Data items:
────
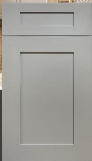
Gray Shaker SoHo (SH)
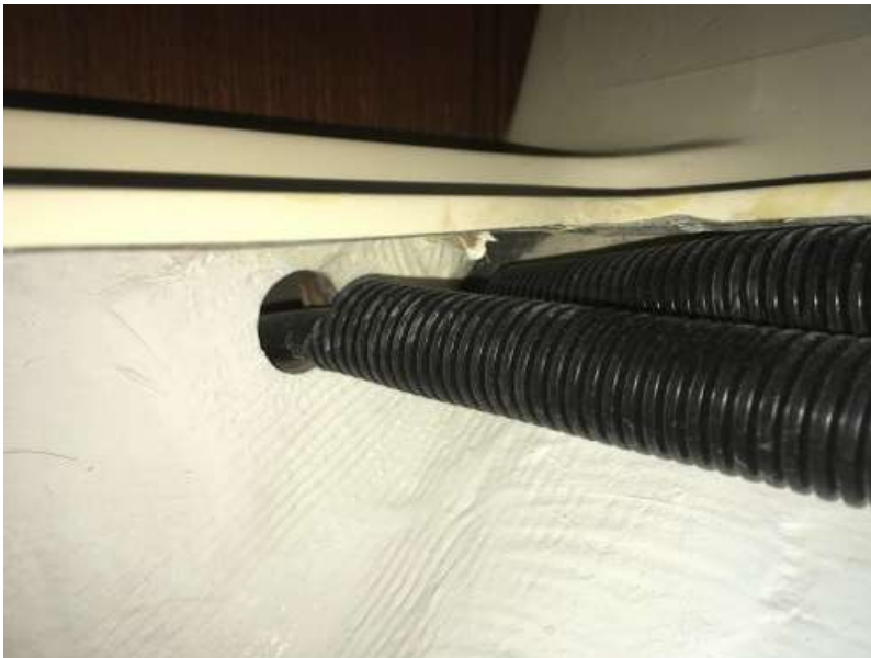
Photo (14) shows a close up of the bulkhead between the aft cabin and the galley. The propane hose exits the left split loom and passes thru a hole in the bulkhead to the back of the stove. The solar panel wires exit the right split loom and pass thru the gap between the hull and bulkhead. The wires continue between the liner behind the stove and the hull exiting past the refrigerator.
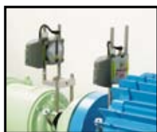
Extension Fixture XA
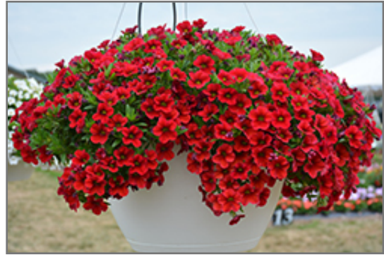
MiniFamous Uno Red Calibrachoa in bloom

MiniFamous Uno Red Calibrachoa is a fine choice for the garden, but it is also a good selection for planting in outdoor containers and hanging baskets. Because of its trailing habit of growth, it is ideally suited for use as a 'spiller' in the 'spiller-thriller-filler' container combination; plant it near the edges where it can spill gracefully over the pot. Note that when growing plants in outdoor containers and baskets, they may require more frequent waterings than they would in the yard or garden.
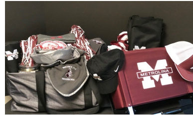
Item #2067 MCA All Seasons Athletic Survival Kit, 6 th Grade Classes
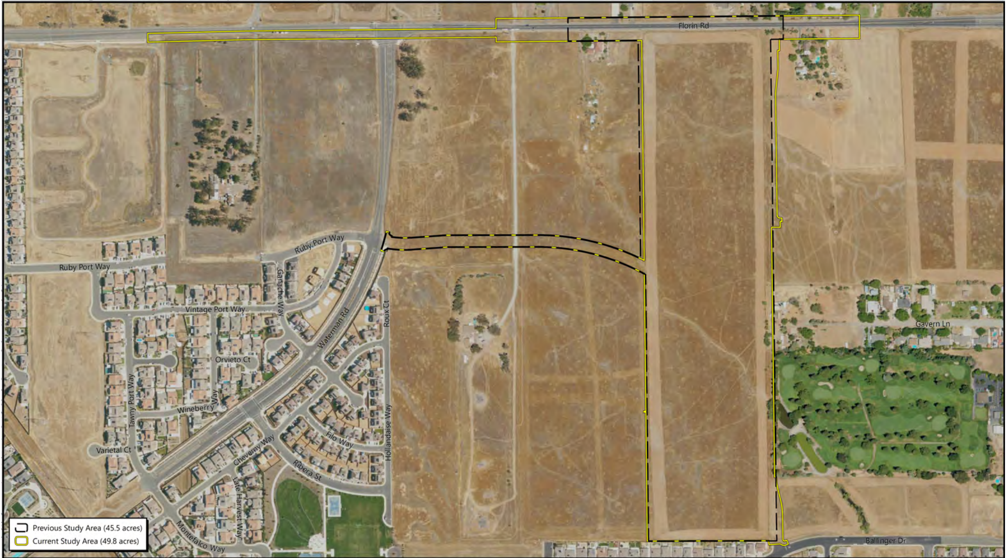
Figure 1: Revised Project Boundary
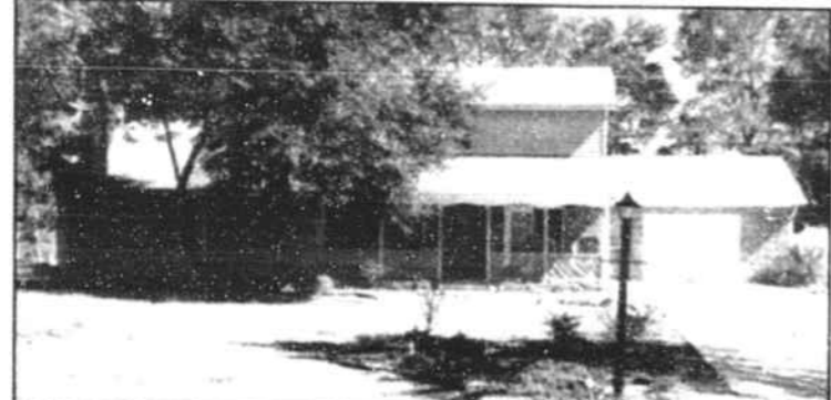
537 GREAT OAKS CIRCLE —Sunset Beach—Spacious mainland home in desirable Shoreline Woods. Situated on lot and a half on "Pretty Pond" with beautiful view from Carolinas room and second floor deck. 4 BR, 3 baths. Garage, huge brk. bar. Vaulted L/R w/skylites and FP. $169,900.
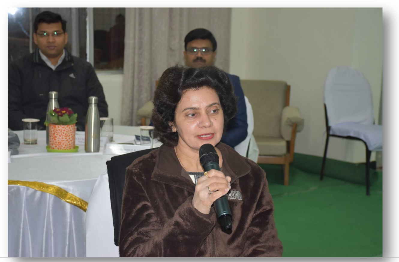
Introduction by the participants during Inaugural session
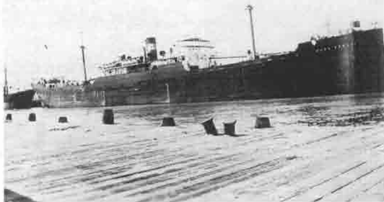
Fig. 3: The 5,527-ton West Hobomac tied up at Galveston, Texas.

As a member of the engine room crew, Stuber never expected to go up on the bridge. But one Sunday afternoon, the second mate allowed him to have a look around and even a turn at the wheel. "All I had to do was to turn the wheel from time to time to maintain a specific reading on the ship's compass. I turned it the wrong way the first time....Thousands of tons of ship under my direction — a great day for me!" The first voyage ended at Pensacola, Florida, for a regularly scheduled drydock for maintenance and painting
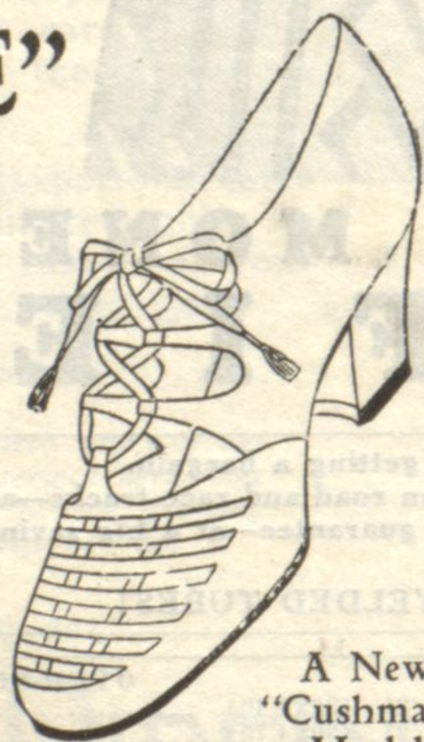
A New "Cushman" Model

This fascinating new shoe is sure to be the hit of the season with the younger set. Its features are! Full round short vamp! Basket weave effect of narrow interwoven strips of leather! And open instep formed by three narrow straps, set wide apart, and fastened with silk lacings.
────
> _Task statement_:
With the images omitted, output all entries exactly as given.

> _Solution for this problem_:
Gray Shaker SoHo (SH)
Photo (14) shows a close up of the bulkhead between the aft cabin and the galley. The propane hose exits the left split loom and passes thru a hole in the bulkhead to the back of the stove. The solar panel wires exit the right split loom and pass thru the gap between the hull and bulkhead. The wires continue between the liner behind the stove and the hull exiting past the refrigerator.
Extension Fixture XA
MiniFamous Uno Red Calibrachoa in bloom

MiniFamous Uno Red Calibrachoa is a fine choice for the garden, but it is also a good selection for planting in outdoor containers and hanging baskets. Because of its trailing habit of growth, it is ideally suited for use as a 'spiller' in the 'spiller-thriller-filler' container combination; plant it near the edges where it can spill gracefully over the pot. Note that when growing plants in outdoor containers and baskets, they may require more frequent waterings than they would in the yard or garden.
Item #2067 MCA All Seasons Athletic Survival Kit, 6 th Grade Classes
Figure 1: Revised Project Boundary
537 GREAT OAKS CIRCLE —Sunset Beach—Spacious mainland home in desirable Shoreline Woods. Situated on lot and a half on "Pretty Pond" with beautiful view from Carolinas room and second floor deck. 4 BR, 3 baths. Garage, huge brk. bar. Vaulted L/R w/skylites and FP. $169,900.
Introduction by the participants during Inaugural session
Fig. 3: The 5,527-ton West Hobomac tied up at Galveston, Texas.

As a member of the engine room crew, Stuber never expected to go up on the bridge. But one Sunday afternoon, the second mate allowed him to have a look around and even a turn at the wheel. "All I had to do was to turn the wheel from time to time to maintain a specific reading on the ship's compass. I turned it the wrong way the first time....Thousands of tons of ship under my direction — a great day for me!" The first voyage ended at Pensacola, Florida, for a regularly scheduled drydock for maintenance and painting
A New "Cushman" Model

This fascinating new shoe is sure to be the hit of the season with the younger set. Its features are! Full round short vamp! Basket weave effect of narrow interwoven strips of leather! And open instep formed by three narrow straps, set wide apart, and fastened with silk lacings.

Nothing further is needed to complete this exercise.